ASSIGNMENT>
Nothing outside the lines below from the one containing "14. NOTE: A" through the one containing "服装鞋帽、厨房和体育健身用品等进口关税平均税率由15.9%降至7.1%;" is to be printed; print those exactly, ends included, and drop the pictures.

SUPPLIED ENTRIES>
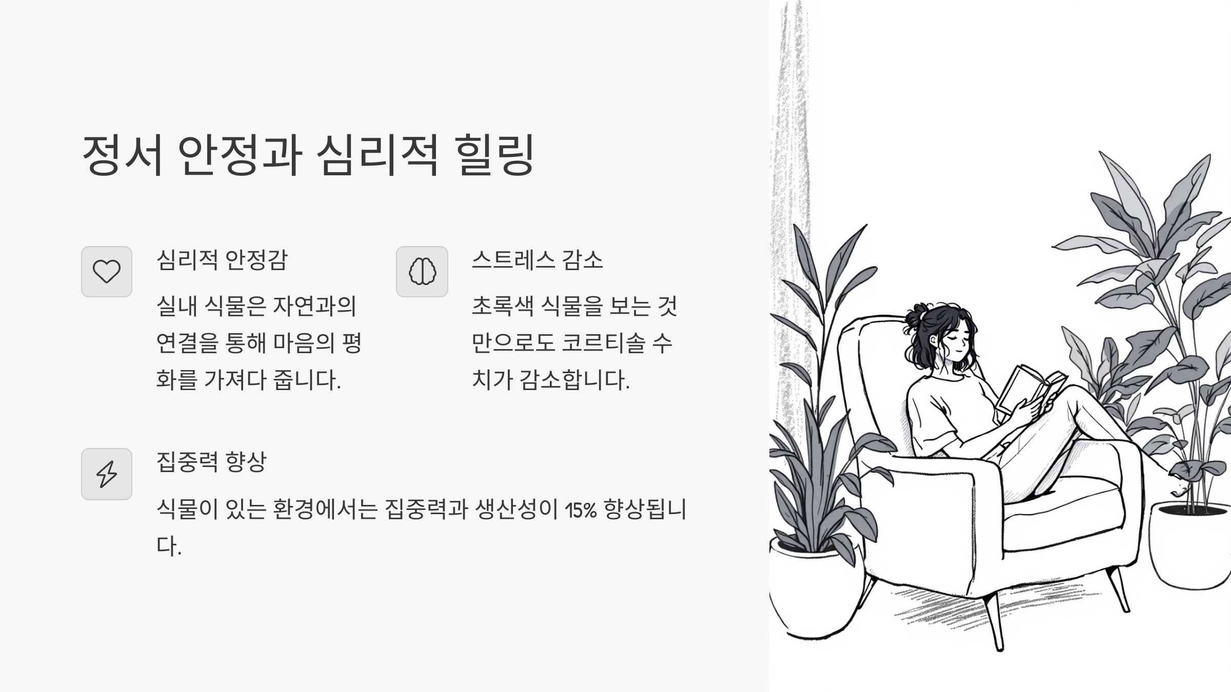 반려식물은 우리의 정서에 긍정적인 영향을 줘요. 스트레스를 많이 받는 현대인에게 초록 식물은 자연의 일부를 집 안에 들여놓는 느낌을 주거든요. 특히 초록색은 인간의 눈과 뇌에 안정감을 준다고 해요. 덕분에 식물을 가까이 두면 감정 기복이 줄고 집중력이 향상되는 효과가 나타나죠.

---

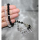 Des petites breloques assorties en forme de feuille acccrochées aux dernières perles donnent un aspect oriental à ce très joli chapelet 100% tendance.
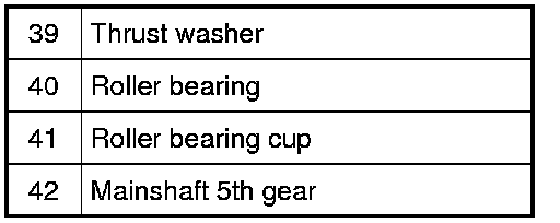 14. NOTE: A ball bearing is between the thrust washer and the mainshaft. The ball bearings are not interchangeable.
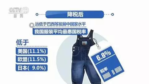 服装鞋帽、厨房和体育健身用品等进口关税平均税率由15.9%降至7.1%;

RESPONSE TO THIS EXERCISE>
 14. NOTE: A ball bearing is between the thrust washer and the mainshaft. The ball bearings are not interchangeable.
 服装鞋帽、厨房和体育健身用品等进口关税平均税率由15.9%降至7.1%;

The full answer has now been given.